Cathedral town in Nottinghamshire, England

Southwell (/ˈsaʊθwəl, -wɛl/ SOWTH-wəl-,_--wel, /ˈsʌðəl/ SUDH-əl) is a minster and market town, and a civil parish, in the district of Newark and Sherwood, in Nottinghamshire, England. It is home to Southwell Minster, a grade-I listed structure and the cathedral of the Anglican Diocese of Southwell and Nottingham. The population of the town was recorded at 7,491 in the 2021 census.

==History==
=== Toponymy ===
The origin of the name is unclear. Several sites claim to be the original "well", notably at GR where a plaque has been placed; in the Admiral Rodney pub; on the south side of the Minster, known as Lady Well in the 19th century; and one by the cloisters called Holy Well. Norwell, 8 mi north-east, may support the idea of a pair of "south" and "north" wells, although no wells are known to exist. There was a complex relationship with the two; Norwell being owned by and contributing to the Prebends of Southwell, the place name possibly given to help distinguish this.

In most of Nottinghamshire, Southwell is pronounced "SUH-thull", with a voiced "th" and a silent "w". Southwell's own residents tend to pronounce it as it is spelt.

===Early history===
The remains of an opulent Roman villa were excavated beneath the Minster and its churchyard in 1959. Part of a mural from the excavation is displayed in the Minster. It is one of three of its type found in the territories of the Corieltauvi (or Coritani) tribes – along with Scampton in Lincolnshire and Norfolk Street in Leicestershire. A stretch of the Fosse Way runs on the far bank of the River Trent, with evidence of Roman settlement at Ad Pontem ("to the bridge" or "at the bridge"), north-west of the village of East Stoke. There is no clear evidence of a road between Ad Pontem and Southwell. Other evidence of Roman settlement includes the use of Roman bricks in prebendary buildings around the Minster, remains of a ditch or fosse discovered at Burgage Hill in the 19th century, and possibly Roman remains beneath the Church Street site of the recently vacated Minster School.
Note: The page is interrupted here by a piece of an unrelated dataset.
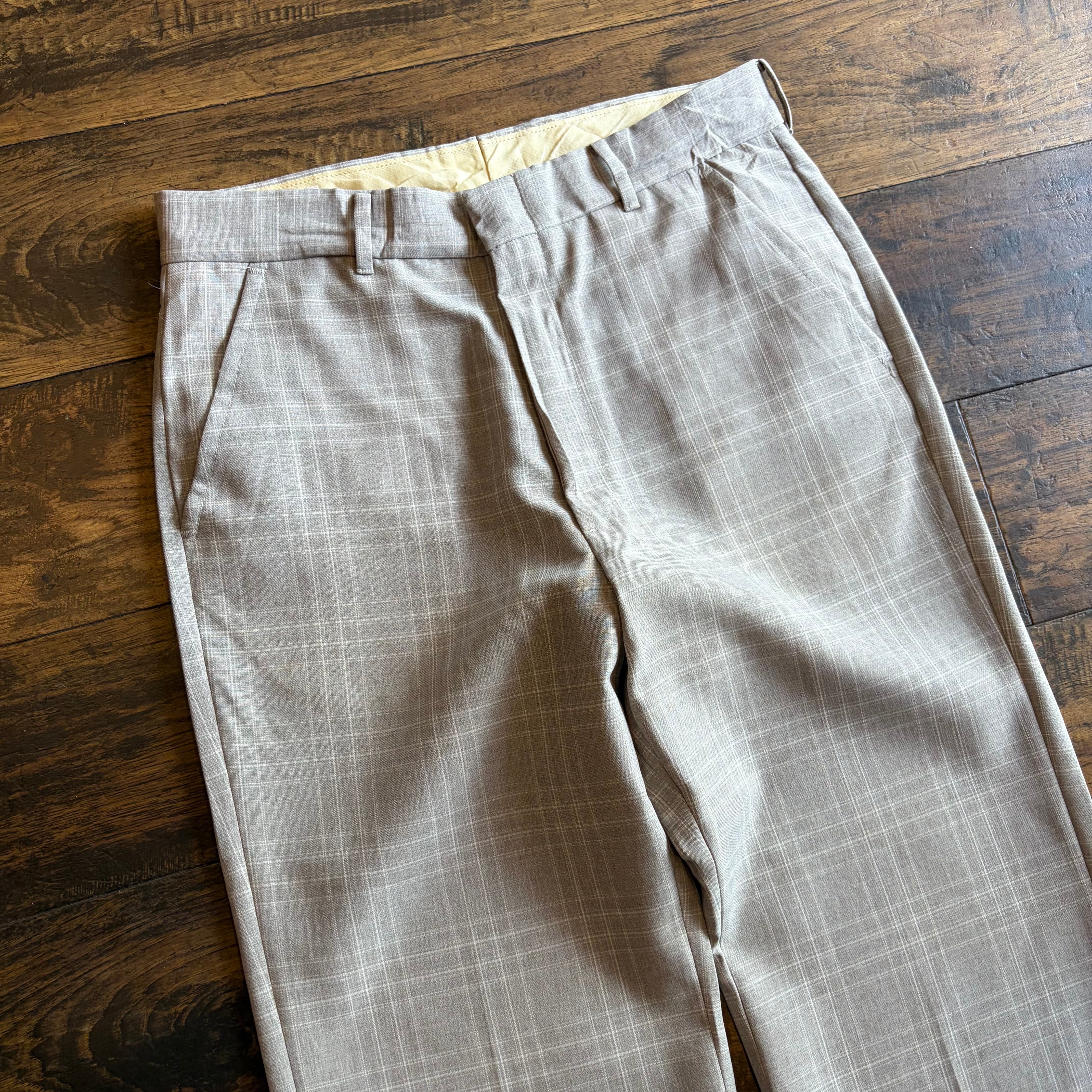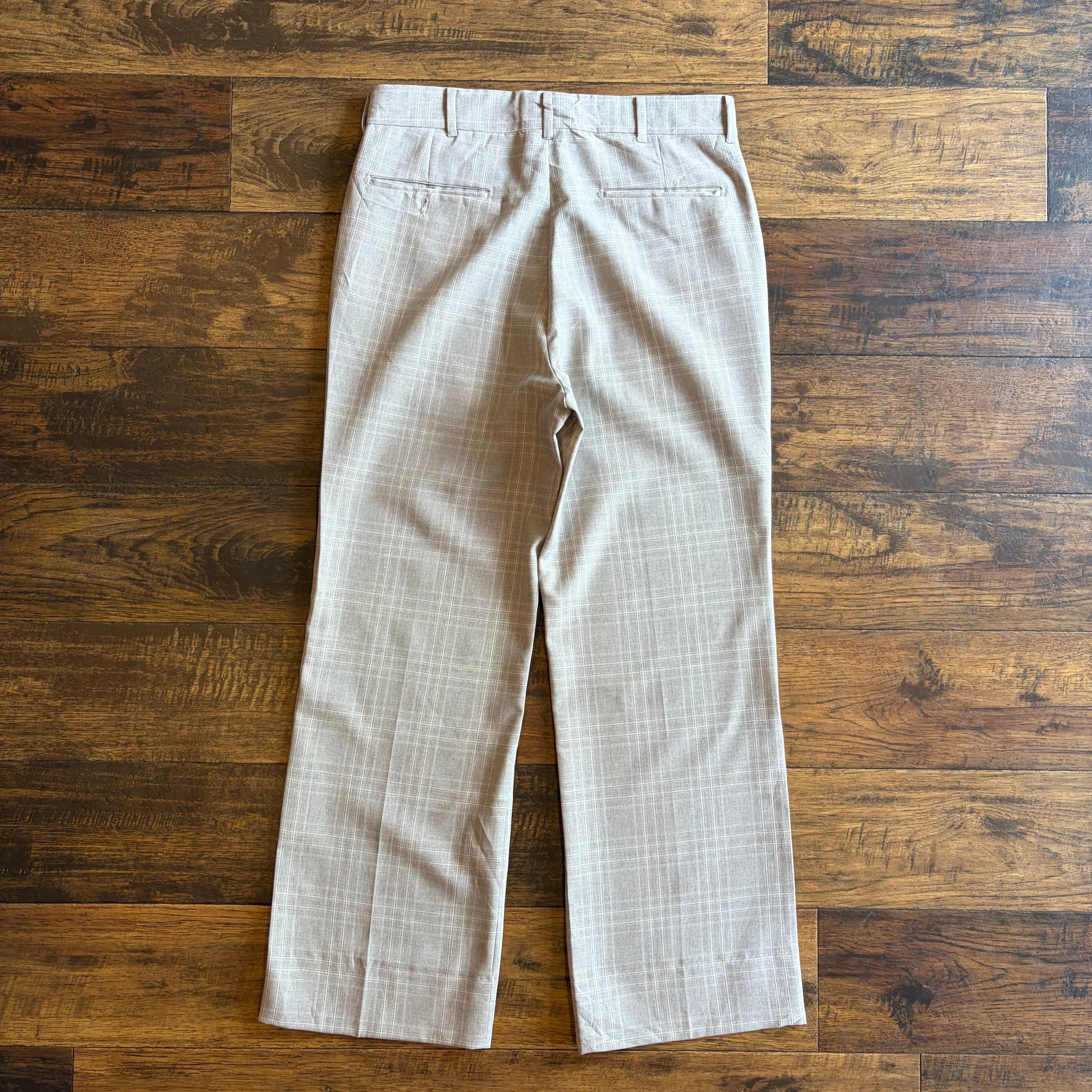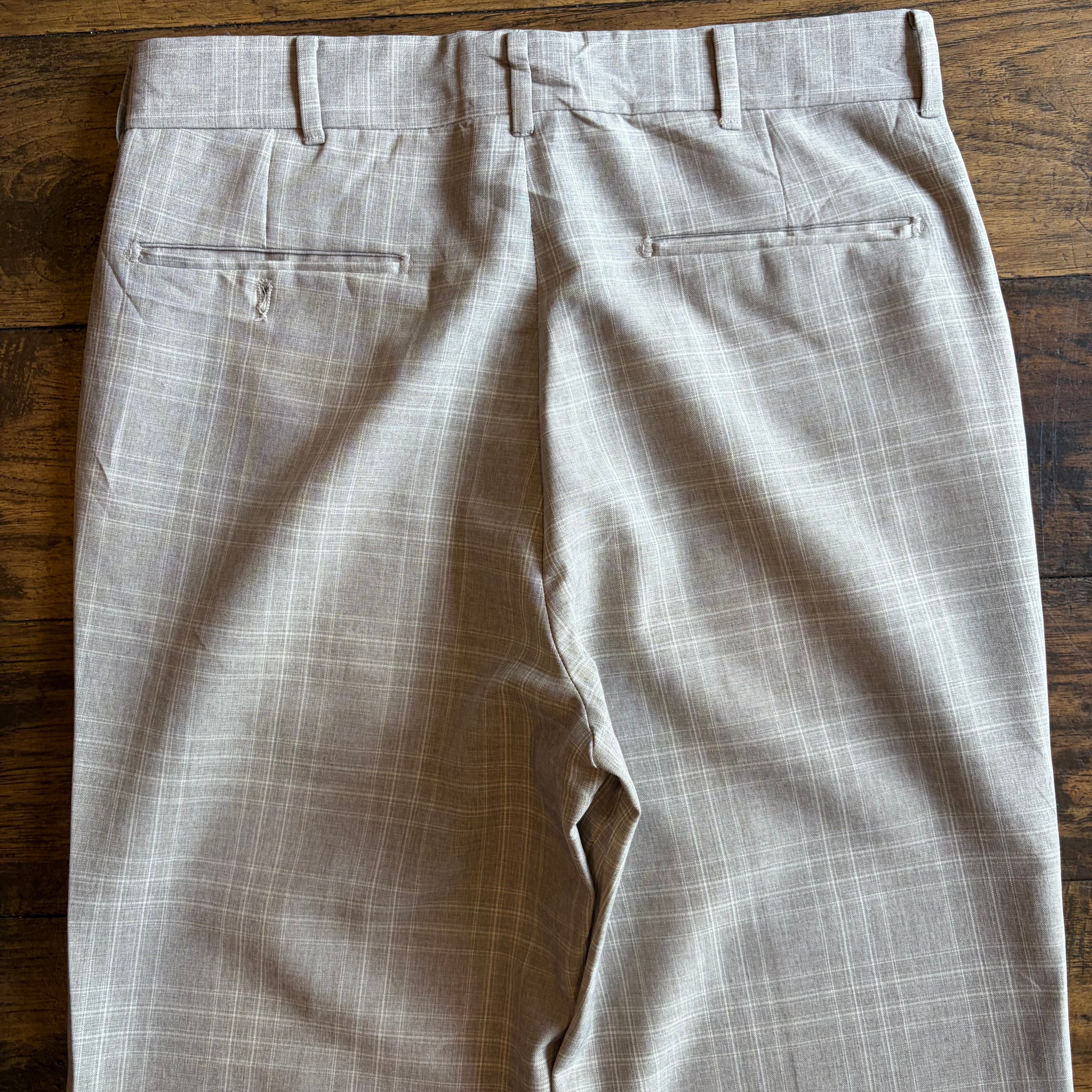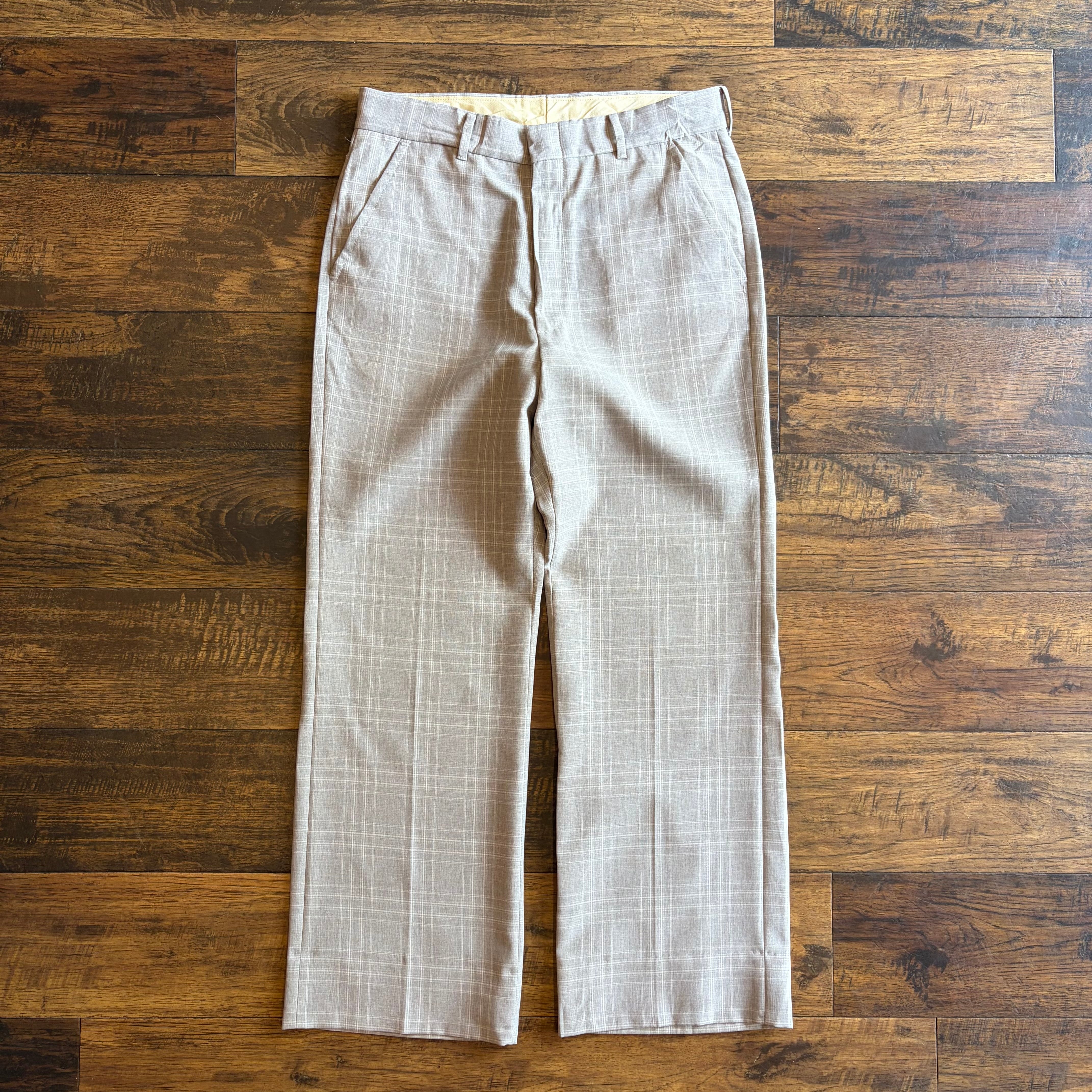 【USA製】80s〜90s FARAH ワイド スラックス チェック ベージュ SCOVILLジップ Size W31

The Venerable Bede records a multiple baptism in the "flood of the Trent" near "Tiovulginacester" by Paulinus in the presence of Edwin of Northumbria, whom he had converted to Christianity in 627. There is disagreement on the location of Tiovulginacester, but Paulinus certainly visited it and may have founded the first church in Southwell.

Remains of Eadburh, Abbess of Repton and daughter of Ealdwulf of East Anglia were buried in Southwell's Saxon church. Eadburh was appointed Abbess under the patronage of King Wulfhere of Mercia; she appears in the Life of Guthlac and is thought to have died about AD 700. Her remains were buried or translated to Southwell Minster and revered there in the Middle Ages. The only reference is in a Pilgrims Guide to Shrines and Burial Places of the Saints of England supposedly written in 1000: "There resteth St. Eadburh in the Minster of Southwell near the water called the Trent."

Eadwy of England gave land in Southwell to Oskytel, Archbishop of York, in 956; this charter being the first dated reference to Southwell. In 1051 Archbishop Ælfric Puttoc died at Southwell, which indicates that the archiepiscopal residence and church might have been established by then. A tessellated floor and the 11th-century tympanum over a doorway in the north transept are evidence of construction of the Minster after this time. The Domesday Book (1086) gives detail of an archiepiscopal manor in Southwell.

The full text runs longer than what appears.